- **Your objective**
Where the line containing "Fedamore; County of" appears below, start there and repeat each line exactly to the end. Leave the pictures out.

- **Dataset excerpt**
^^^^^^^^^^^^^^^^

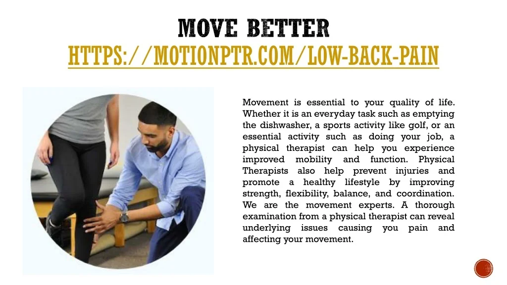 Move Betterhttps://motionptr.com/low-back-pain Movement is essential to your quality of life. Whether it is an everyday task such as emptying the dishwasher, a sports activity like golf, or an essential activity such as doing your job, a physical therapist can help you experience improved mobility and function. Physical Therapists also help prevent injuries and promote a healthy lifestyle by improving strength, flexibility, balance, and coordination.We are the movement experts. A thorough examination from a physical therapist can reveal underlying issues causing you pain and affecting your movement.
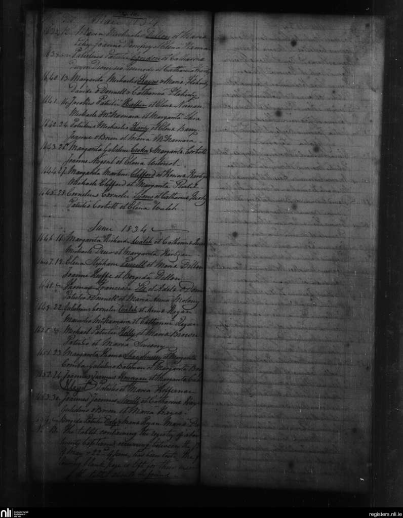 Fedamore; County of Limerick; Diocese of Limerick. Baptisms, May 1834 to June 1834
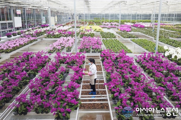 中 간쑤성 스마트 화훼단지에 찾아온 봄
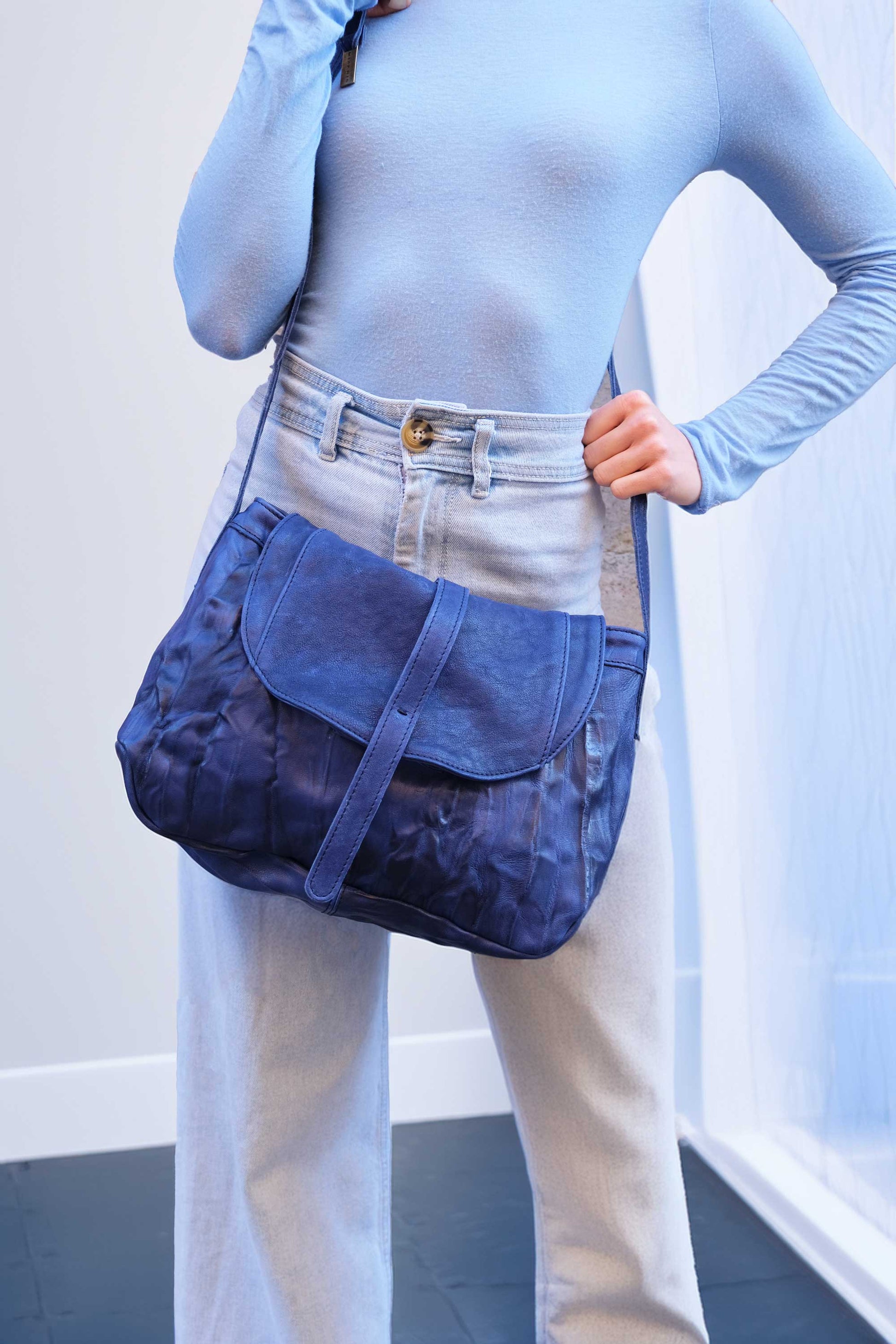 Do saddle bag cobalt in soft nappa lomé - Made in Italy -

^^^^^^^^^^^^^^^^

- **Result of this task**
 Fedamore; County of Limerick; Diocese of Limerick. Baptisms, May 1834 to June 1834
 中 간쑤성 스마트 화훼단지에 찾아온 봄
 Do saddle bag cobalt in soft nappa lomé - Made in Italy -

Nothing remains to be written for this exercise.